Bought a satellite receiver at a thrift shop this morning. Got it home and Googled for more info. The only thing I could find about it was an eBay auction that ended just this evening (eerie coincidence). My receiver looks exactly like the one pictured here: http://cgi.ebay.com/ws/eBayISAPI.dl...&category=32848&sspagename=STRK:MEBWA:IT&rd=1

It's an Amstar BR-1000 Plus. It has a C/Ku switch on the back. The front has lots of knobs; it seems very analog. It has a sticker on the front saying that it has been approved by the N.A. Telecommunication Corp. It has a sticker on the back saying that it has been inspected by the City of Los Angeles(?!?).

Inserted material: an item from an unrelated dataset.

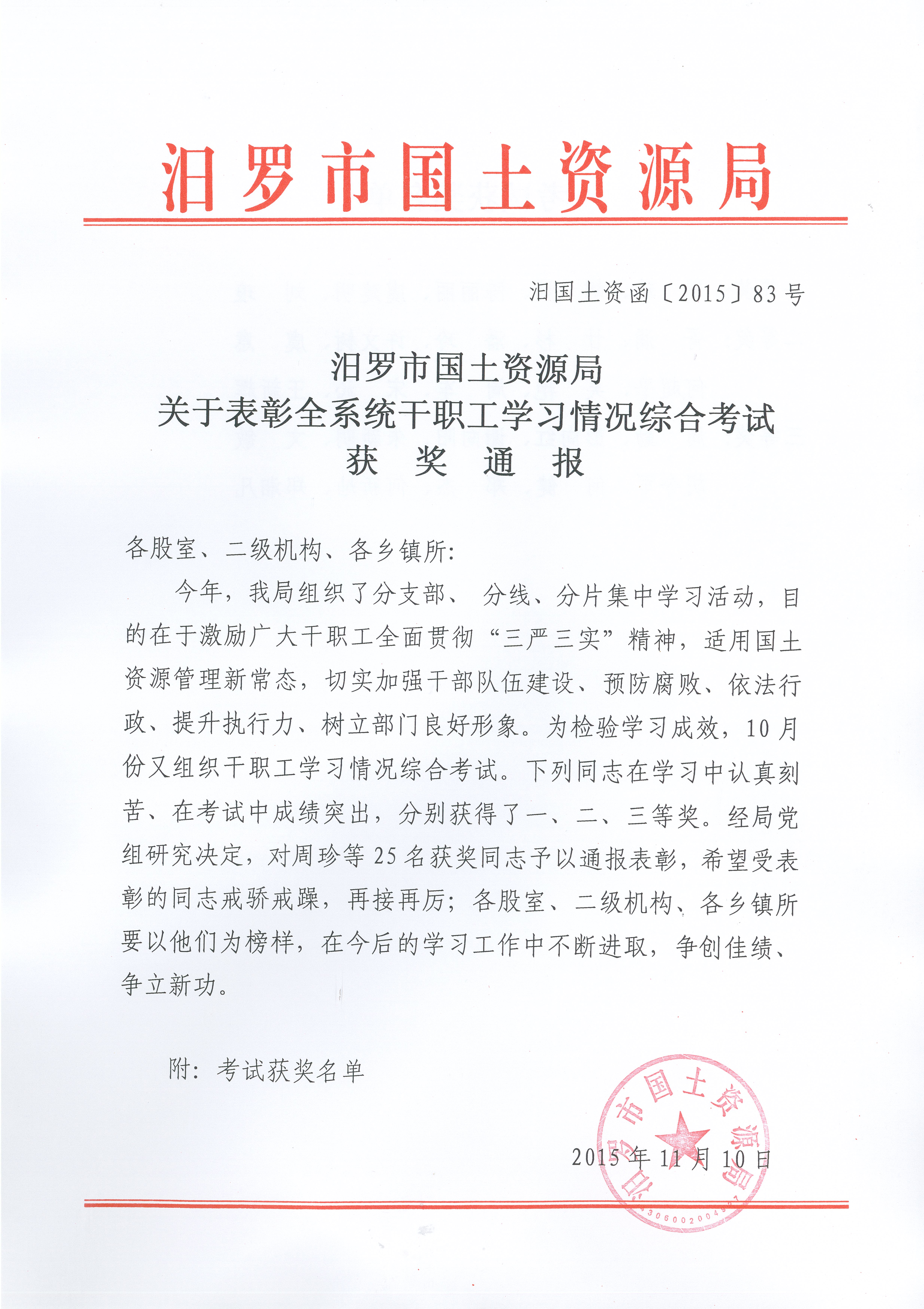 汨罗市国土资源局关于表彰全系统干职工学习情况综合考试获奖通报

So what the heck is it, and what can I do with it? More important, what can I do with it without building a BUD?


----------



## RJS1111111 (Mar 23, 2002)

You're not going to pull in a decent C-band signal without a BUD or equivalent. There aren't many (any?) analog channels on Ku-band or (upper-Ku) DBS. I suppose you _might_ possibly be able to make the local oscillator frequency setting low enough (and design your own exotic LNB to go with it), so that you could watch possible terrestrial broadcasts. Maybe as low as UHF band, but I doubt it. Once upon a time, they were "narrow-casting" premium channels into subscriber neighborhoods, unscrambled at low microwave frequencies. Then there's "wireless cable" in some areas at microwave frequencies, but that is most likely all-digital (more channels compressed into less bandwidth).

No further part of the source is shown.